Girdiği bütün savaşları kazandı, dünya liderlerine kendisini kabul ettirdi!
Kimsenin kapısında beklemedi!
* * *
Bu ülkede gözlerden kaçan bir gerçek var:
Atatürk’e ısrarla çamur atanlar ile Atatürk’ü iyi sevdiğini söyleyip, anlayamayanlarda aynı havanda su dövmeye devam ediyorlar!
Bilge Japon ile genç delikanlının hikâyesini okudunuz!
Çizgiyi kısaltmanın yolu, o çizgiden daha büyük çizgi çizebilmek olduğunu gördünüz!

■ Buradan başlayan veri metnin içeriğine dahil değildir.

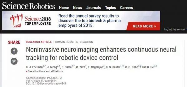 顶尖学术期刊《科学》旗下的Science Robotics专注于机器人科技前沿发展,最新一期刊登了脑机接口(BCI)领域的一项突破成果。美国卡内基梅隆大学(Carnegie Mellon University)的贺斌教授带领其研究团队与明尼苏达大学合作,成功开发出第一款非侵入式的意念控制机械臂,能够连续跟踪随机运动的计算机光标。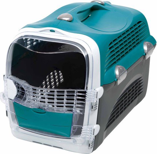 De Catit Cabrio Transportbox is super handig om uw kat overal mee naartoe te vervoeren. Doordat de bovenkant open kan, kunt u uw kat gemakkelijk in de transportbox zetten. Door de transparante voordeur kan uw kat naar buiten kijken en kunt u hem goed zien zitten. In de deur zit tevens een klepje met voerbakjes die gemakkelijk vanuit de buitenkant bereikbaar zijn. Daarnaast is de Catit Cabrio voorzien van een slipvaste bodem met opvanggoot voor als er een ongelukje gebeurt onderweg of als hij iets morst. De optimale luchtstroom en ventilatie zorgt voor een comfortabele reis. Het handige sluitmechanisme voorkomt dat uw kat de box van binnenuit kan openmaken. De Catit Cabrio Transportbox kan een maximaal gewicht van 11,3 kg en hoogte van 35 cm aan.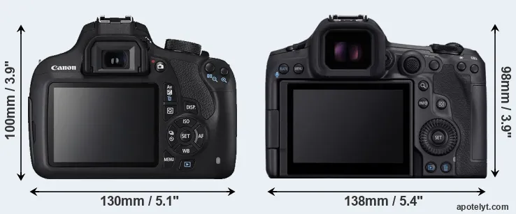 Más allá de esta instantánea de las funciones y características principales, ¿cuáles son las diferencias entre la Canon EOS 1200D y la Canon EOS R5 Mark II? ¿Cuál camara deberías comprar? Siga leyendo para descubrir cómo se comparan estas dos cámaras con respecto al tamaño de su cuerpo y otras caracteristicas.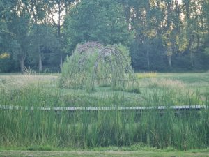 Das ausgehobene Erdreich wurde verwendet, um eine Anhöhe zu errichten, auf der sich eine Beobachtungshütte befindet.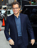 Matt Damon stopped by to chat with David Letterman and promote Hereafter on The Late Show yesterday. They touched on the film, but the interview was more about Matt's always-charming personality as he spoke glowingly about his family and how excited he is to welcome another girl with his and Luciana's upcoming new addition. Matt has said in the past that Luciana is done with being pregnant, and last night he revealed the baby could come any day now. Matt relayed a funny story about getting trapped in a corn maze while at a pumpkin patch recently as the Damons get into the Halloween spirit in NYC. When Dave brought up Ben Affleck's recent success with The Town, Matt joked that he's relegated to asking his old buddy for jobs these days. As usual, Matt was a crowd pleaser, so he ended the segment with one of his famous impressions of Matthew McConaughey. This time the spoof got a little X-rated when he suggested that after taking off their shirts they email out some photos of their genitalia, perhaps in reference to Brett Favre's recent scandal.

Bu çapsız insanlar yüzünden dibe vurduk.
Bu yüzden umutlarımızı kaybetmeye başladık!
Ama öyle kara kara düşünmeye gerek yok!
Çözüm çok basit;
Atatürk’ü iyi anlayıp, onun gösterdiği çağdaş uygarlık yolundan yürümek zorundayız. Buna karar verdiğimizde içinde bulunduğumuz aşağılık kompleksinden kurtulacak önümüze çıkan bütün engelleri bir bir aşacağız!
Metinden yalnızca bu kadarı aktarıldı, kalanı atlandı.